In his most extensive television interview since leaving the Justice Department, former Assistant Attorney General Jack L. Goldsmith describes his initial days at the OLC in the fall of 2003 as he learned about the government's most secret and controversial covert operations. Goldsmith was shocked by the administration's secret assertion of unlimited power...
As Goldsmith began to question his colleagues' claims that the administration could ignore domestic laws and international treaties, he began to clash with Cheney's office. According to Goldsmith, Addington warned him, "If you rule that way, the blood of the 100,000 people who die in the next attack will be on your hands."
Goldsmith's battles with Cheney culminated in a now-famous hospital-room confrontation at Attorney General John Ashcroft's bedside. Goldsmith watched as White House Counsel Alberto Gonzales and Chief of Staff Andy Card pleaded with Ashcroft to overrule the department's finding that a domestic surveillance program was illegal. Ashcroft rebuffed the White House, and as many as 30 department lawyers threatened to resign. The president relented.

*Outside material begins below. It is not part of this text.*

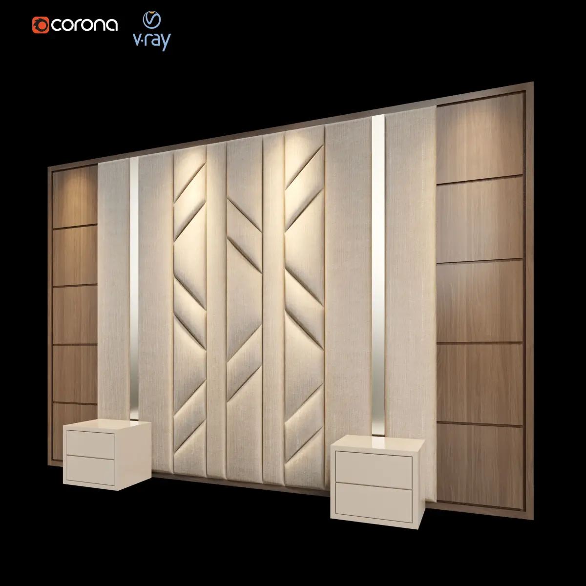 Combined wall panels in tinted American walnut and velvet veneer.Width / Length: 450 cmDepth: 6 cmHeight: 307 cmMaterial: natural wood, velvet, metalColor: brass, beige, brown... ... ... ... ... ... ... ... ... ... ... ... ... ... ... ... .. ... ... ... ... ... ... ...Export File: FBXVray version: V-Ray 4.10.02Corona version: 5... ... ... ... ... ... ... ... ... ... ... ... ... ... ... ... .. ... ... ... ... ... ... ...Units in centimeter.No third-party plugin or script required.... ... ... ... ... ... ... ... ... ... ... ... ... ... ... ... .. ... ... ... ... ... ... ...feel free to use it for your projects.

But Goldsmith's victory was temporary, and Cheney's Law continues the story after the hospital-room standoff. At the Justice Department, White House Counsel Gonzales was named attorney general and tasked with reasserting White House control. On Capitol Hill, Cheney lobbied Congress for broad authorizations for the eavesdropping program and for approval of the administration's system for trying suspected terrorists by military tribunals."More on the themes of the Frontline programme here and further links of interest here. Thanks to Marty Lederman, who was also interviewed for the programme, for the pointer. In addition Jack Balkan has this to say about the Bush administration's attempts to get retroactive immunity for telcos it asked to spy for them illegally:
"The Bush Administration has claimed that everything it has done in the past seven years is legal. On the pages of this blog in the past five years we have tried repeatedly to show that this is not true, and that in fact that the Bush Administration has repeatedly broken the laws and tried to cover things up. Congress must understand that is it not dealing with an Administration that tries to play fair when it comes to respect for the rule of law. That is not meant to impugn the many fine lawyers at the Justice Department who have tried to do their jobs honorably under increasingly difficult conditions. Rather, my point is that at the top ranks of this Administration is a cabal of people who think that rules are made to be broken, or at the very least bent into unrecognizable shapes. Unfortunately they have been enabled by a handful of very bright and ambitious young lawyers who have combined sycophancy to power with ideological zeal. If this were a Mafia movie, we would call these practices an ongoing criminal conspiracy. Given the systemic nature of the lawbreaking, a RICO action might be appropriate. But this is no episode of the Sopranos. These people run the government of the United States, and they really don’t care much what the law says."